WHAT IS NEEDED » The copy should hold exactly the lines below from the one that contains "Add modern elegance" through the one that contains "Hier finden Sie" and nothing else, so no pictures.

SOURCE RECORDS »

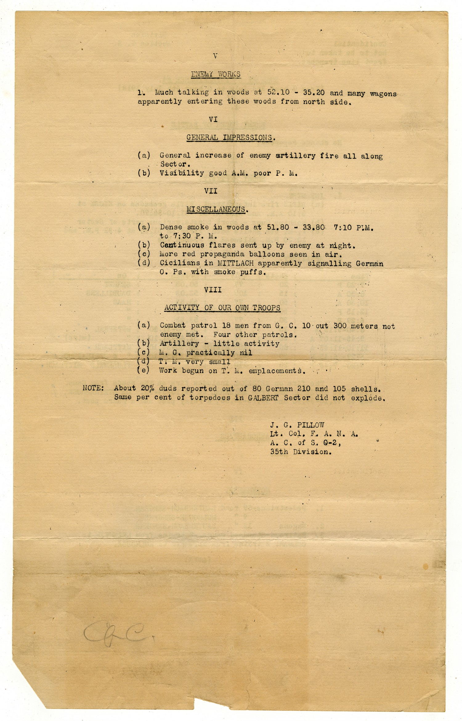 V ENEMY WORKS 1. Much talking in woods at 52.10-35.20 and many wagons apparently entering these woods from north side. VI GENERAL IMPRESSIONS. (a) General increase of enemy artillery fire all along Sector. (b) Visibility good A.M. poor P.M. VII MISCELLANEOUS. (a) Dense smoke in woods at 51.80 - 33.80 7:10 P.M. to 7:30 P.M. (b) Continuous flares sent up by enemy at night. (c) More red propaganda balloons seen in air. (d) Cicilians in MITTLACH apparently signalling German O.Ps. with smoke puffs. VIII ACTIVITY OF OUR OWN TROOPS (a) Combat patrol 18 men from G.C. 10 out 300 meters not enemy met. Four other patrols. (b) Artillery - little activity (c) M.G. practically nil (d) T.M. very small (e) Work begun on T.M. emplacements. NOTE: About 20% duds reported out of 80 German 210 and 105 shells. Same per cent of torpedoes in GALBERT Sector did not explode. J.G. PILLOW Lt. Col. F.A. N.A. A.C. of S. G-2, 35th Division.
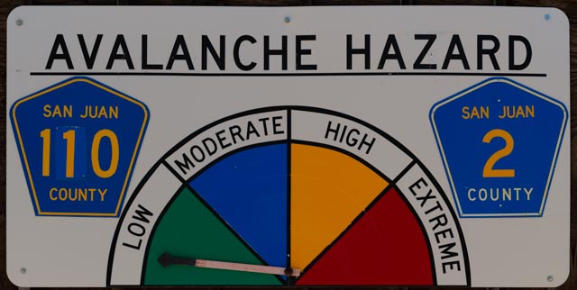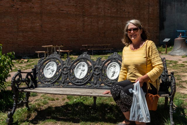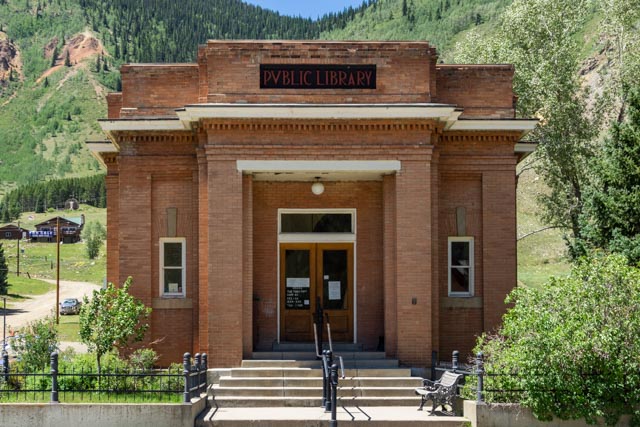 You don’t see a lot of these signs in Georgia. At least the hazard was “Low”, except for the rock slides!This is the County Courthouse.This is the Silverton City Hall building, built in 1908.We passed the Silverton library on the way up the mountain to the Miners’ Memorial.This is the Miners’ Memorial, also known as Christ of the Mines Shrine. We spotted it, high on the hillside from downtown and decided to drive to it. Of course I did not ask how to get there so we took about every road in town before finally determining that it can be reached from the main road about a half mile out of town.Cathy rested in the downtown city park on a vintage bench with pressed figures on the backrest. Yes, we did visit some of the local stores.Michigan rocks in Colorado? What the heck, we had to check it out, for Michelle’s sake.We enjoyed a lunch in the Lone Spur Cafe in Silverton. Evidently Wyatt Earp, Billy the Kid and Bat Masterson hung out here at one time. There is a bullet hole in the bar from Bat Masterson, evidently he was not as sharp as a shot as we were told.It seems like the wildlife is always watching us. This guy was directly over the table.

==

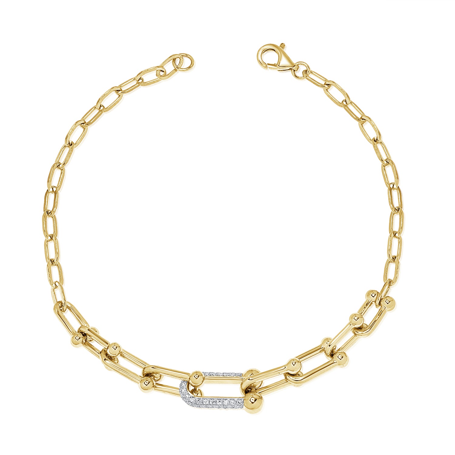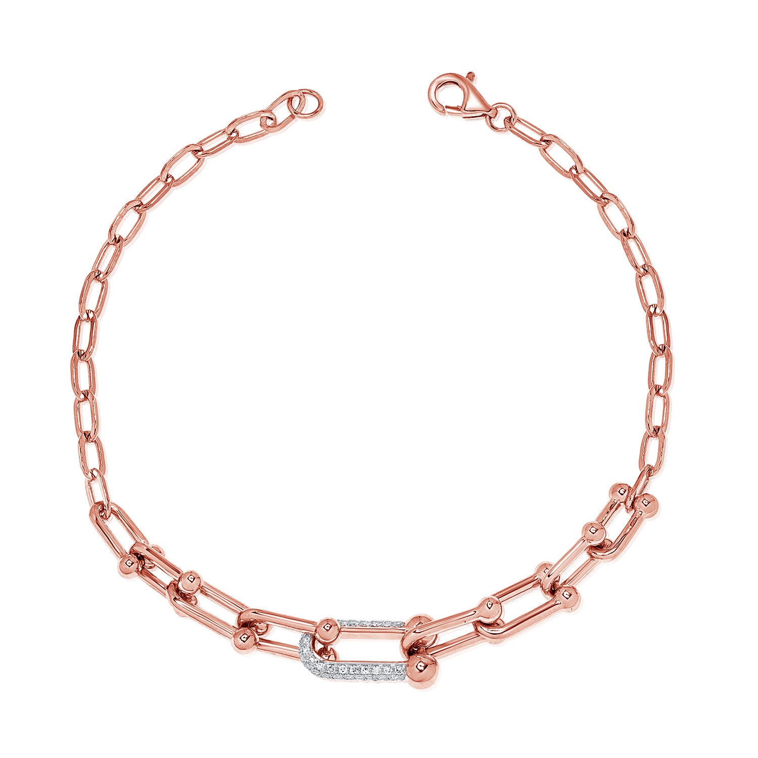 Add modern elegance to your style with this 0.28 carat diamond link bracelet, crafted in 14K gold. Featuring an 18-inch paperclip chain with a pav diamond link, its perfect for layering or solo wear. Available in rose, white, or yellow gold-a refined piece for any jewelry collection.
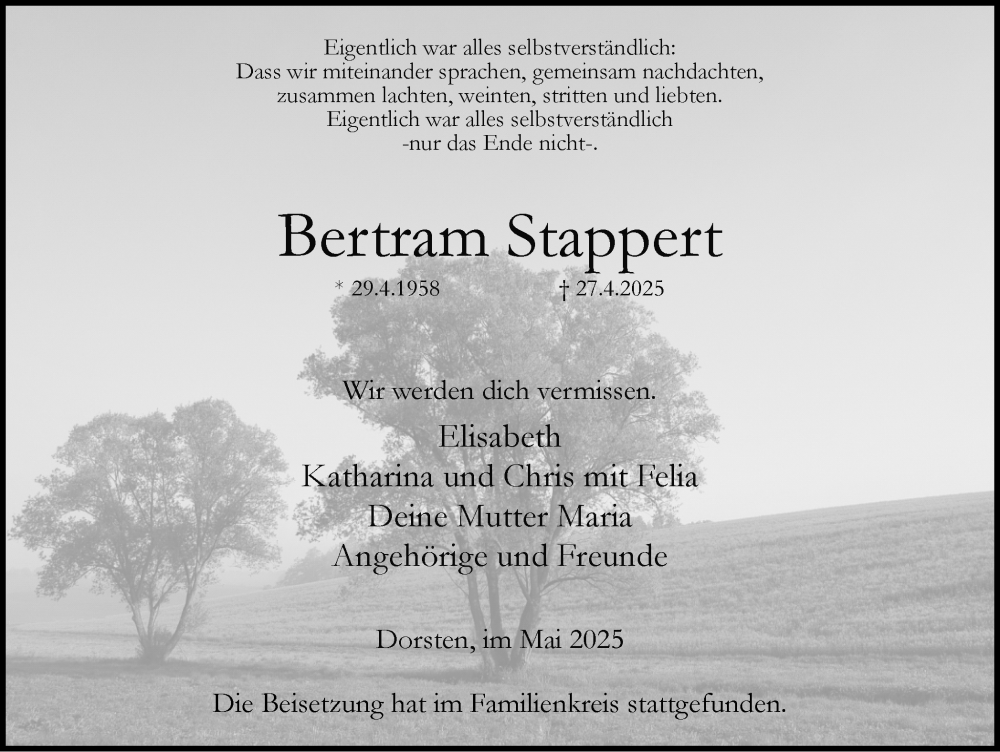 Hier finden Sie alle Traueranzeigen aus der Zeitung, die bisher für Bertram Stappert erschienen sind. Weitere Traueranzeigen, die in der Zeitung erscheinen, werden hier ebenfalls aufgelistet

EXERCISE ANSWER »
 Add modern elegance to your style with this 0.28 carat diamond link bracelet, crafted in 14K gold. Featuring an 18-inch paperclip chain with a pav diamond link, its perfect for layering or solo wear. Available in rose, white, or yellow gold-a refined piece for any jewelry collection.
 Hier finden Sie alle Traueranzeigen aus der Zeitung, die bisher für Bertram Stappert erschienen sind. Weitere Traueranzeigen, die in der Zeitung erscheinen, werden hier ebenfalls aufgelistet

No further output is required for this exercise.